Overdiagnosis risk (%) of 576 scenarios by stopping age of screening programs for each model and gender. Overdiagnosis risk is calculated as the number of overdiagnosed cases divided by the number of screen-detected cases. The number for each box represents a median of overdiagnosis risk of screening programs with given stopping age. “KW” denotes Kruskal-Wallis (K-W) test.

Comparisons of the USPSTF and NLST-like scenarios

Comparisons of the USPSTF and the NLST-like scenarios (Figure 2 A–C) show that overdiagnosis risk is higher for the USPSTF scenario (mean: 11.9%; model range: 5.5%-23.2%) than the NLST-like scenario (mean: 9.7%; model range: 4.4%–17.6%) by 21.7%(model range for percentage increase: 10%–31.8%) due to the extended stopping age. This pattern is consistently observed across the models for each gender. The analysis of the D/O ratio (Figure 2D–F and Supplemental Table 2) shows that the USPSTF scenario prevents 2.85 LC deaths per overdiagnosed case (mean D/O ratio=2.85; model range: 1.5 – 4.5). Notably, the D/O ratio increased by 22% when the program stops screening at an earlier age 75 instead of 80 as shown in the NLST-like scenario (mean: 3.49, model range: 2.10–5.61). The range of D/O ratios of all 576 scenarios are shown in Supplemental Table 3 by model and gender.

Figure 2.

Figure 2

Comparisons of overdiagnosis risks and D/O ratios (the number of LC deaths prevented per overdiagnosed case) of the USPSTF and the NLST-like scenarios, by gender and both genders combined.
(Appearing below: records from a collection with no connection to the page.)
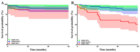 Graft (A) and patient (B) survival in the three KDPI groups.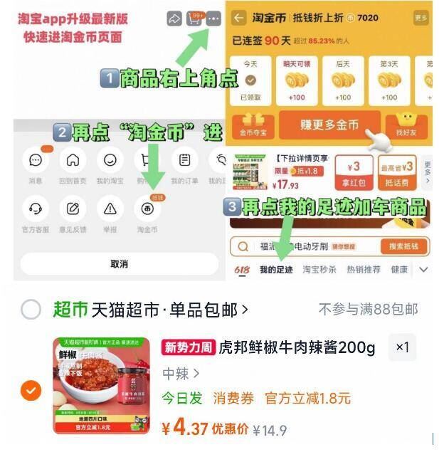 1.蔏品右上3个点,选淘金币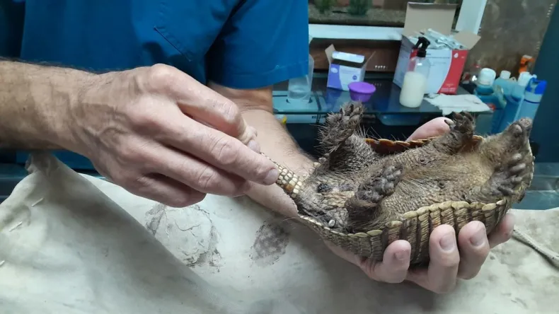 Durante un control de huella en el departamento 25 de Mayo, los inspectores de Flora y Fauna interceptaron un vehículo en el que hallaron tres quirquinchos vivos en condiciones críticas, con mordeduras de perro.
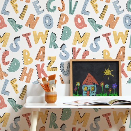 A feature wall full of wonder, look a little closer and this alphabet wallpaper is a riot of fun with teeth, scales and claws to up their learning skills.

Note: Overdiagnosis risk is calculated as the number of overdiagnosed cases divided by the number of screen-detected cases.

Consensus scenarios

The scenarios that maximize D over the numbers of CT screens among males are shown in Figure 3A, plotted for a representative model, with all other model results for both genders shown in Supplemental Figure 5–6. It is notable that all the consensus scenarios have stopping age 80 (instead of 75), which reflects the greater efficiency of programs that screen through older age 80, as opposed to 75, for reducing the number of LC deaths. Notably, the consensus scenarios include the USPSTF scenario (A-55-80-30-15). Other measures of benefits of LDCT for the consensus scenarios such as life-years and mortality reduction rate are shown in Table 1.

Figure 3.

Figure 3

Consensus screening scenarios chosen for males by maximizing: (i) D, the number of LC deaths prevented (A); (ii) D/O, the number of LC deaths prevented per overdiagnosed case (B); (iii) life-years gained (LYG) (C); (iv) life-year gained per overdiagnosed case (LYG/O)(D); (v) D-O, net LC deaths prevented subtracting overdiagnosed cases (E); (vi) and D/(O/S), the number of LC deaths prevented per overdiagnosis risk (F), where S is the number of screen-detected cases. In each figure, we show the outcomes under several screening strategies that vary by age and smoking eligibility criteria. Each dot represents a specific screening strategy, with selected scenarios highlighted in color. Here, the x-axis is the number of CT screens that need to be performed under each strategy. Panel A shows the number of LC deaths avoided versus no-screening (D, y-axis) under the given strategy. Panels B–F show alternative outcome metrics: LC deaths avoided per overdiagnosed case (D/O, panel B), life-years gained (LYG, panel C), life-years gained per overdiagnosed case (LYG/O, panel D), the net prevented LC deaths subtracted by the number of overdiagnosed cases (D-O, panel E), and the number of LC deaths prevented per overdiagnosis risk (D/(O/S), panel F). Within each metric, a consensus scenario was identified by choosing a scenario that is defined as an “efficient scenario” (i.e. top 25% closest scenarios to the efficient frontier) by at least three out of the four models under each metric. The consensus scenarios are listed in the legend box and highlighted for a representative model. For each panel, the NLST-like and the USPSTF scenarios are plotted for reference purposes, regardless on whether or not they are included in the consensus list. The results for females are shown in Supplemental Figure 5–6.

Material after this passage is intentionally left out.